The problem
Below are entries. Copy exactly the lines running from the line that holds "スナップボタン付きのリングホ" to the line that holds "关于公布河南省特色骨干大学和特色骨干学科建设名单的通知", with both ends included.

[Records provided]

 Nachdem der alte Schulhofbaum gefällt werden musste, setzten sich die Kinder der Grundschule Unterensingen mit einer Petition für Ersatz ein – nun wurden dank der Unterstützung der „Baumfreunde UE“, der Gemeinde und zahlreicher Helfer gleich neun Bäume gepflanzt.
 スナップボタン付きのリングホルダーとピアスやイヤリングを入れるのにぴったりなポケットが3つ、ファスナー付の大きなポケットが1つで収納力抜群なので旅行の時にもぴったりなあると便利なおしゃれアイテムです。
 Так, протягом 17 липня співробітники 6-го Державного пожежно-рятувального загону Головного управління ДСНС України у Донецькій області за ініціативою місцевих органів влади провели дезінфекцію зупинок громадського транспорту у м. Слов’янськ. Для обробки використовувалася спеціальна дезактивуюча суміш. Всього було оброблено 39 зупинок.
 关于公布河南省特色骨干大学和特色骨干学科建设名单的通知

[/Records provided]
[Records provided]

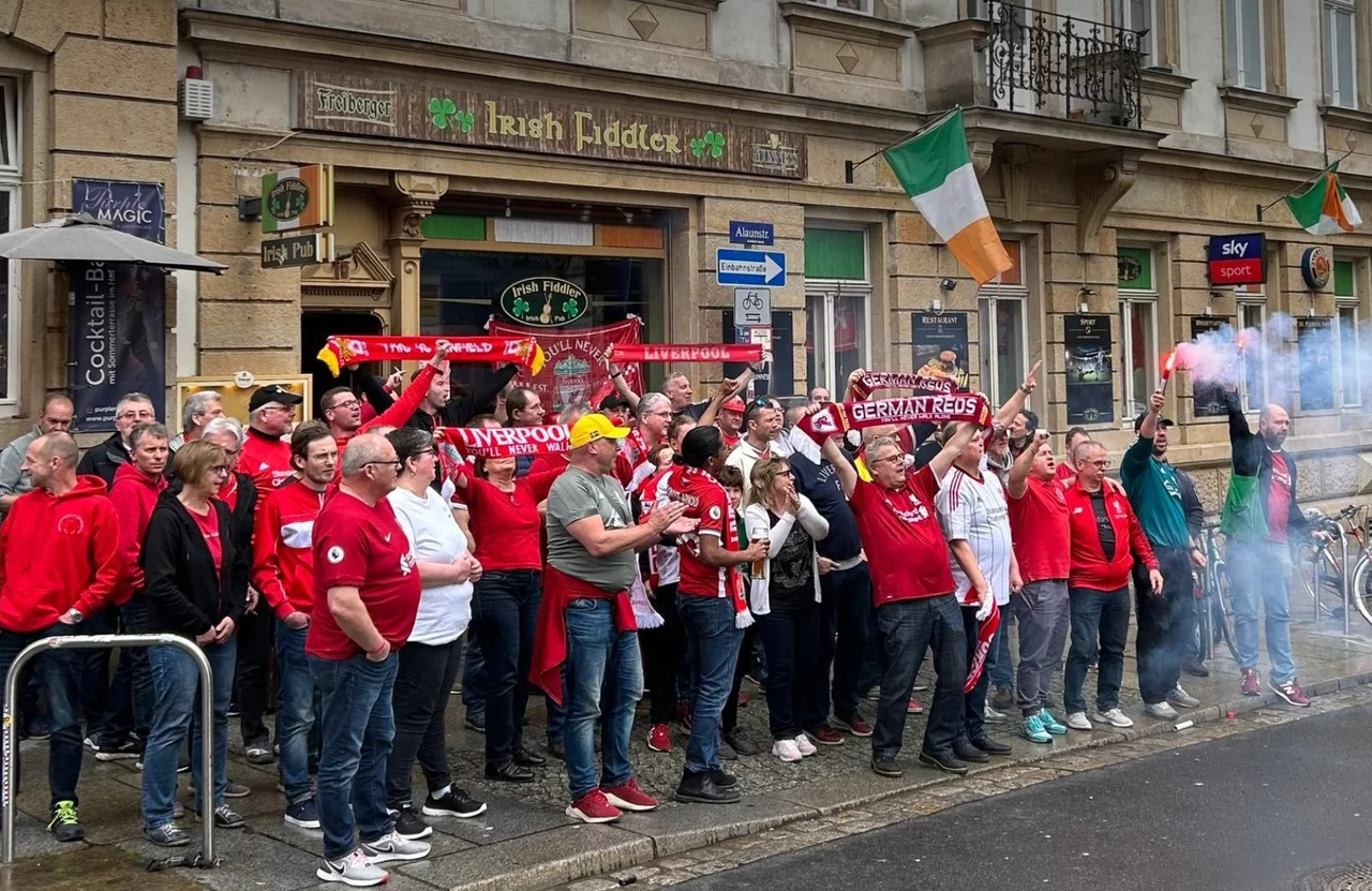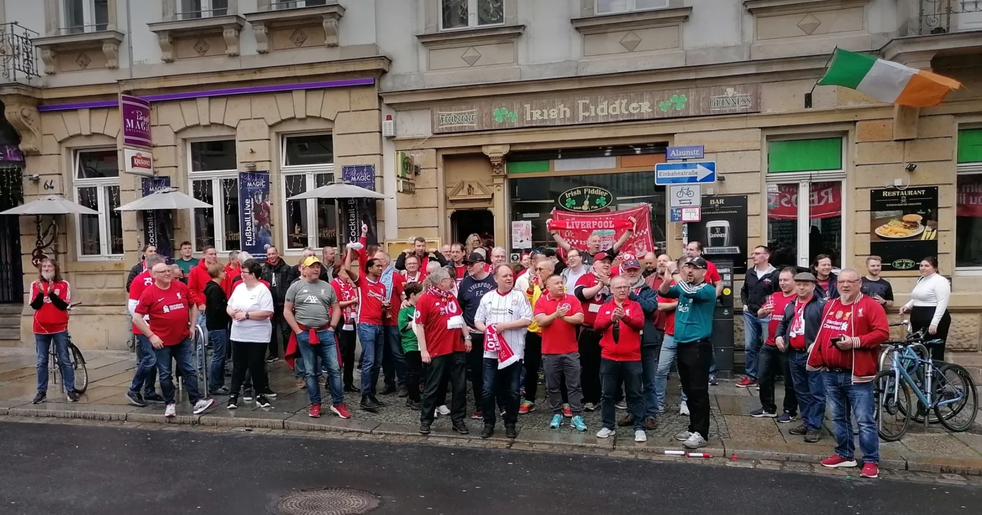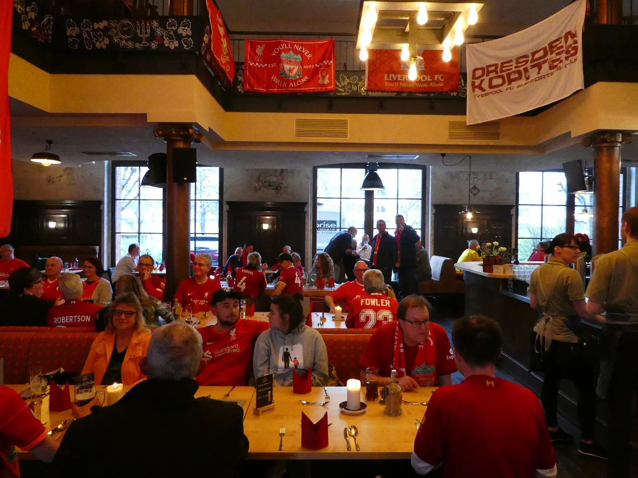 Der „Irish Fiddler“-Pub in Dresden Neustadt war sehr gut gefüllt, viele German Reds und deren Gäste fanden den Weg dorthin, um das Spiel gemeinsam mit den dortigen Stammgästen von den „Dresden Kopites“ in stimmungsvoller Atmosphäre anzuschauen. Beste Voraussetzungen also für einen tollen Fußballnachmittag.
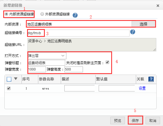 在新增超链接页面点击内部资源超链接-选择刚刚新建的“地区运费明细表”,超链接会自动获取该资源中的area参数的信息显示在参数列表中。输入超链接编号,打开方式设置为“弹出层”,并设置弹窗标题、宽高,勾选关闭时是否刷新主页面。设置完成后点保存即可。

[/Records provided]

Response
 スナップボタン付きのリングホルダーとピアスやイヤリングを入れるのにぴったりなポケットが3つ、ファスナー付の大きなポケットが1つで収納力抜群なので旅行の時にもぴったりなあると便利なおしゃれアイテムです。
 Так, протягом 17 липня співробітники 6-го Державного пожежно-рятувального загону Головного управління ДСНС України у Донецькій області за ініціативою місцевих органів влади провели дезінфекцію зупинок громадського транспорту у м. Слов’янськ. Для обробки використовувалася спеціальна дезактивуюча суміш. Всього було оброблено 39 зупинок.
 关于公布河南省特色骨干大学和特色骨干学科建设名单的通知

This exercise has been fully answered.